张景文闻了闻自己脏兮兮的衣服,也尴尬地笑:“那我先告辞,回去梳洗休整再来!”
作者有话说:
远在千里之外的李士卿:你们又联手又PK的,最后还不是要用我的院子我得符!
最佳贡献奖必须颁给我们李神棍!
第130章 火灾并不基础,尸体更不基础
01
在潜火军的拼命努力下, “隔离带”最终及时拆完。火还在废墟上燃烧,但没有继续蔓延的趋势。
宋连安排大家轮流照看伤患,各自见缝插针休息了小一个钟头。
天亮时分, 大火终于灭了。
宋连和甲丁一大早就到了单位,傅濂已经早朝结束。
火灾紧邻大相国寺,距离皇宫也很近,上头十分关注火情, 令开封府和提刑司务必查出原因, 对涉事人员进行相应惩处。
宋连向傅濂汇报了昨日山中交通肇事案和夜晚相国寺大火的情况。
掐指一算,他们已经接近二十四小时不眠不休的在工作了。
傅濂看着两人黢黑的眼圈,疲惫的神态,表示今日可以调休一天, 正好能等待交通肇事案的调查结果。
“休不了一点儿啊傅大人, ”甲丁哭丧着脸:“李公子家现在人满为患, 都是昨夜火场拉出来的伤患。”
“哦!”傅濂点头:“那就在府衙找地方休息?”
“火场情况还要进一步调查吧?”宋连说, “既然我和甲丁原本就是亲历者,正好配合苏推官一起去调查吧。”
傅濂眼中闪过一丝惊喜,但很快压了下去。“哎呀这怎么行!看看你俩, 都熬成什么样了!快去休息!”
宋连翻了个白眼, 冷笑一声:“咱们都这么知根知底了, 还客气什么!”
傅濂咳嗽两声:“这不是怕你们过劳嘛!”
“还好还好,活人微死罢了。”死40%。
02
整个相国寺东北角,已经变成了一片焦黑的废墟。
开封府的衙吏已经先一步用绳索将火场围住, 阻拦了任何闲杂人等的进入。
封锁线外, 才反应过来的老百姓哭成了一片, 有的家破人亡,有的人家成为隔离带, 一夜之间烧个精光……
灾后重建工作还任重道远,而现场勘验更加刻不容缓。
宋连拖着疲惫的身体,走到了那片临时停放死者的区域。二十多具尸体,手腕上都绑着他指令的黑布条,用草席覆盖着,场面触目惊心。
但这只是这场火灾的遇难者的一小部分。
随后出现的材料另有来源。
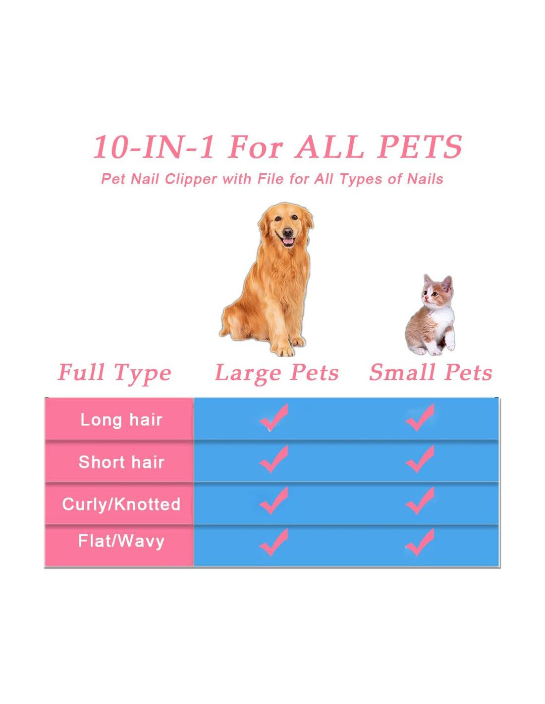 - Uñas Saludables para Mascotas: Los cortauñas para perros con lima pueden recortar fácilmente las uñas gruesas de mascotas grandes, medianas y pequeñas para evitar que se astillen. Después de recortar, usa la lima incluida para pulir las uñas de los dedos de tu perro para que queden redondeadas y menos afiladas. Es el producto recomendado preferido por muchos veterinarios, peluqueros profesionales de mascotas, entrenadores de animales y miles de clientes satisfechos.
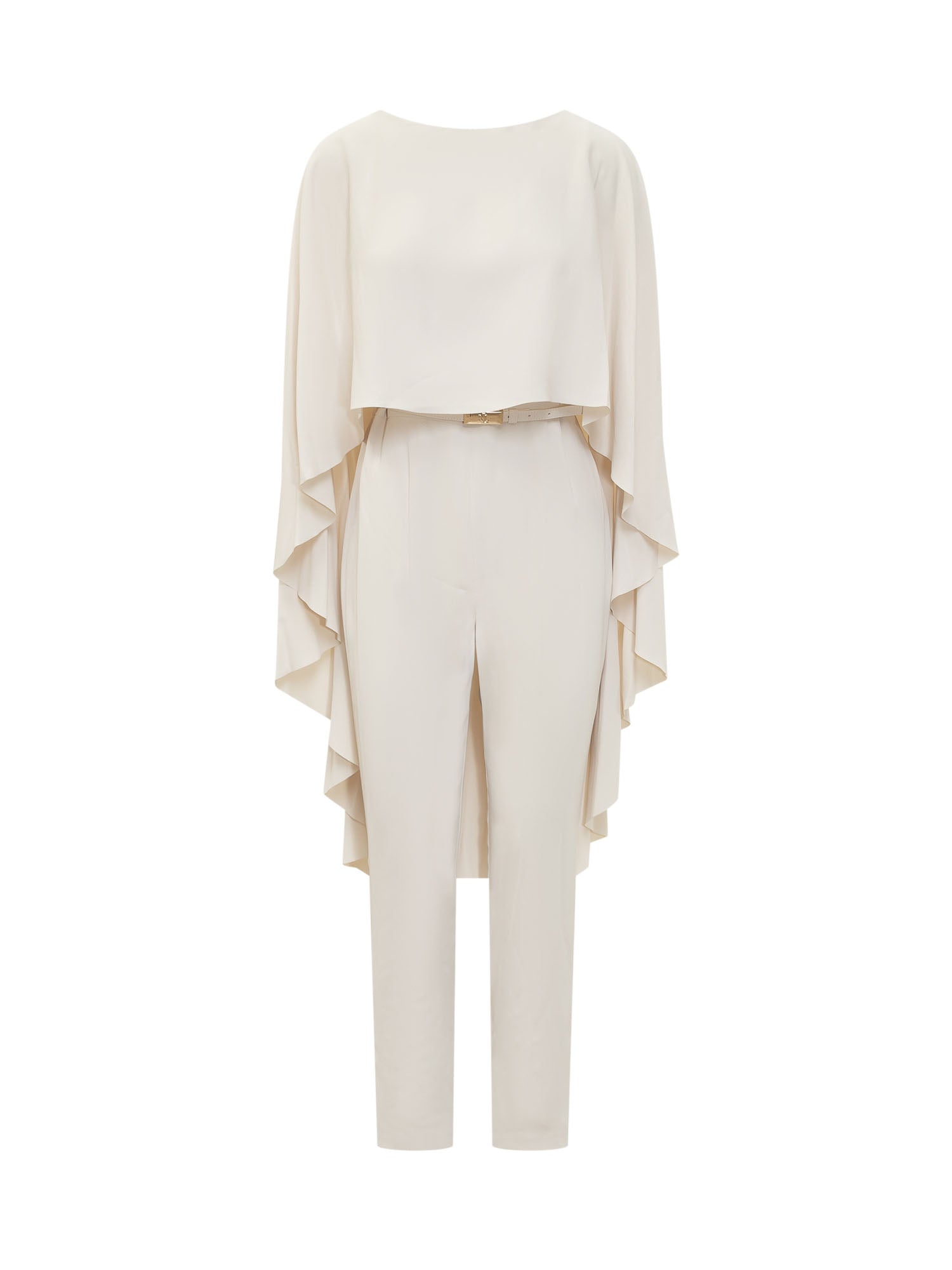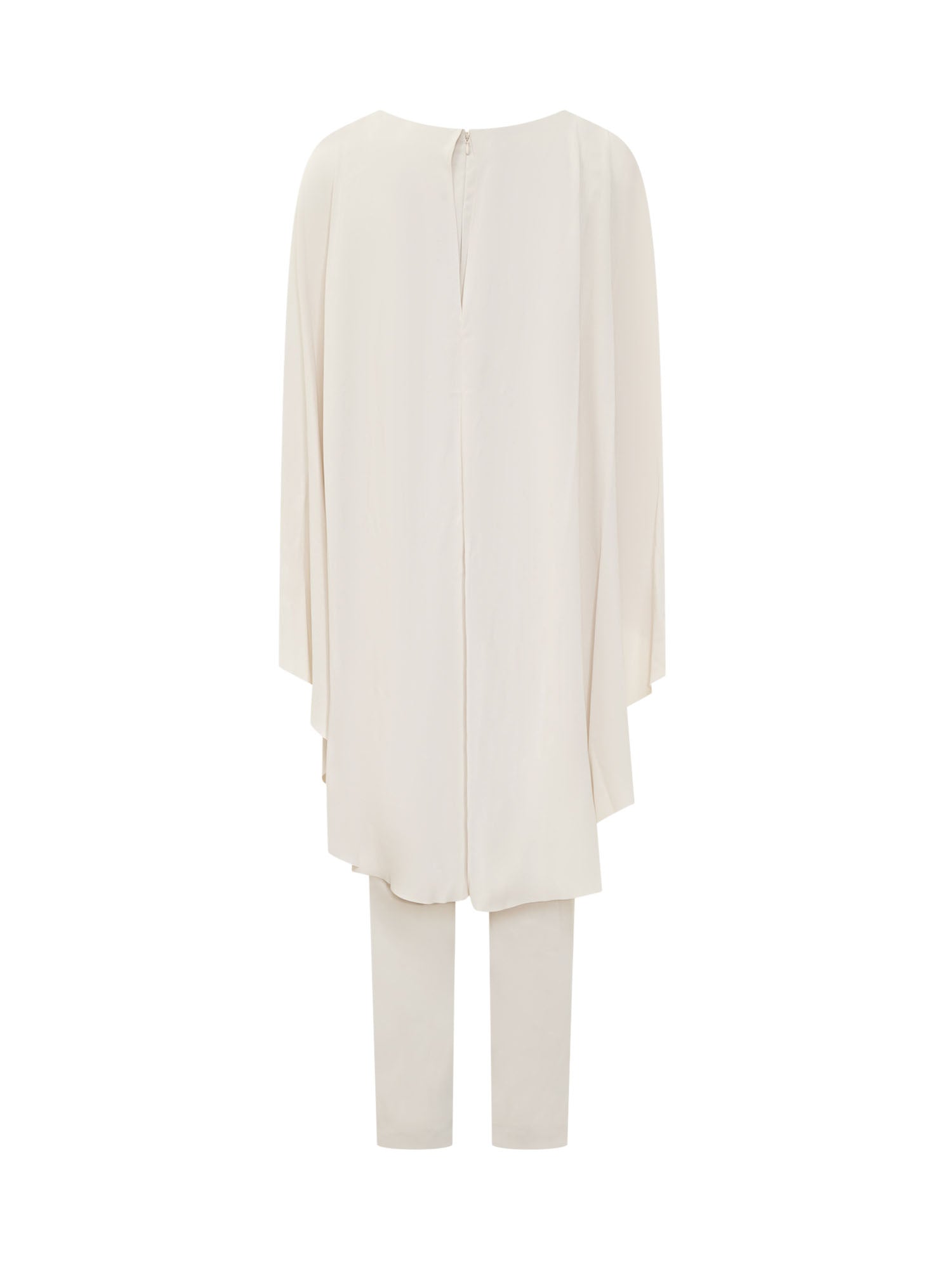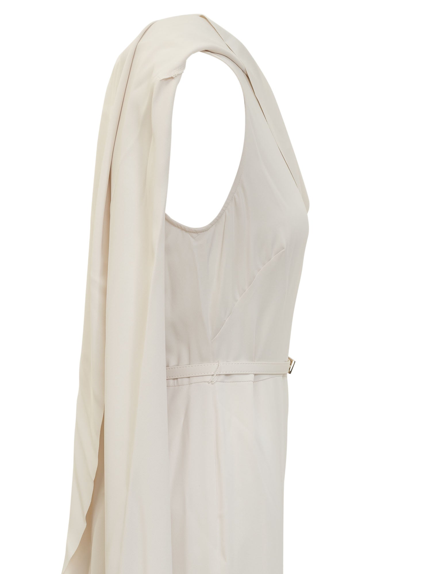 Tuta intera lunga. Girocollo. Senza maniche. Chiusura con zip sul retro. Cintura in vita.

还有很多人,甚至没来得及从火场中拖出来。
他没有在尸体停放处做停留,而是先绕着整个火场外围走了一圈,来观察建筑的烧毁情况。
“甲丁,记录。”他让甲丁随身带着一张相国寺商圈的简易平面图,根据建筑物的烧毁倒塌方向和烟熏痕迹,标示出火焰蔓延的主要路径。
火灭不久,现场还有大量有害烟雾,宋连让甲丁和云娘换上了潜火军的防护服,带好面巾,尽可能把自己包裹厚实一些,在潜火军带领下小心翼翼踏入起火处——惠民药局。
木质结构的房间已经严重损毁倒塌,他们必须时刻保持警惕。
前厅已经烧得面目全非,大部分药材都已经碳化,现场没有发现尸体。但宋连在残存的立柱上看到了“V”字形的烟熏痕迹。他用刀刮开烧焦的木柱,内部碳化很深,说明这里燃烧时间长,很可能是起火点。
但很奇怪,这根木柱应该是前厅中央的一根承重梁,怎么会突然起火呢?
他让甲丁在图纸上标明这个方位,又让甲丁闻闻这里有没有什么奇怪的味道。
甲丁的狗鼻子果然值得信赖,他仔细辨别一番后,说有一股非常微弱的、炼丹炉炼油的味道。
这描述太抽象,宋连也不确定到底是什么。他用铲子小心翼翼刮开地面的焦黑灰烬,发现有一片区域留有一滩水渍一样的深色痕迹。附近还散落有一些不规则的、深褐色硬块。
他将这些硬块和灰烬样本收集到随身携带的木盒中。
再往里走,是一处天井小院,小院中种植的花草和不老松已经在高温中枯萎,但四周连廊似乎没有遭到太严重的毁坏。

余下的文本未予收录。